There’s not much of a challenge for Lobster in taking on his opponents either.  At least his infiltration of a Nazi conspiracy aboard a blimp back in Caput Mortuum required some extra finesse.  By comparison, it doesn’t take too much skill to shoot up a wounded thug, an unarmed heavy, and two elderlies—one of whom is already wheelchair-ridden paraplegic.

If you can’t get your kicks entirely from the detective or action side of things, then the story needs to make up for it in the drama department.  Unfortunately, Mignola-Arcudi’s attempt to give a tragic angle to the ultimate perpetrator is mostly a failure.  His condescension and pompousness far overshadows any sympathy he might have (“I could buy and sell them by the dozen, but they look at me like I’m not even human!”), and I don’t believe he even gets the distinction of a name in the issue.  Furthermore, the real hook of the story (i.e., the fact that all the victims are skid row bums) almost gets lost entirely until one vague reference near the end.

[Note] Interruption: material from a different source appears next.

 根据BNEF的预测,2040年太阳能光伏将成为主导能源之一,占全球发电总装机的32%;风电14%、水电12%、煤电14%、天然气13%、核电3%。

While the script is something of a wash, Nowlan draws it like a masterpiece in the making.  He has a classic sense of perspective and figure that reminds you of Will Eisner’s work on The Spirit, but his sparse linework channels Dave Gibbons on Watchmen.  There’s even a feeling of Hergé’s Tintin in the care he puts into the props and sets.  The key to his art is how even in panels where the POV is a little distant from the characters, the minute detail he puts into them is so precise and sharp that you remain immersed in the story.

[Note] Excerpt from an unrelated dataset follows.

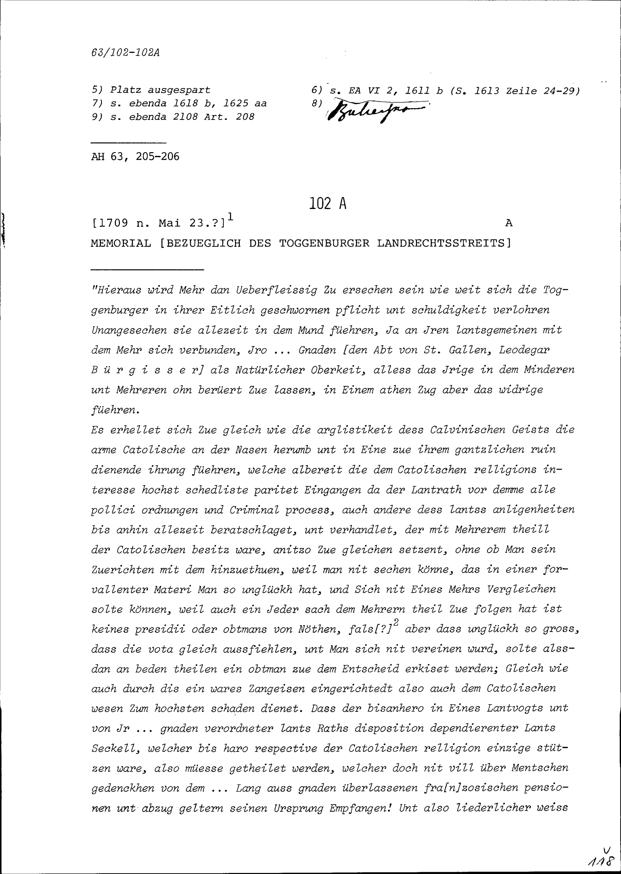 Bericht betreffend den Toggenburger Landrechtsstreits

Conclusion: Mignola-Arcudi could have done some very interesting things with this specific premise, but instead, it feels like they only cared to scratch the surface.  Nowlan’s art only just boosts the profile of this otherwise somewhat bland one-shot.

Grade: B-

– Minhquan Nguyen

Some Musings: – It must be a pain to manage to survive your wounds, crawl to safety, get patched up, only to get fatally shot an instant later.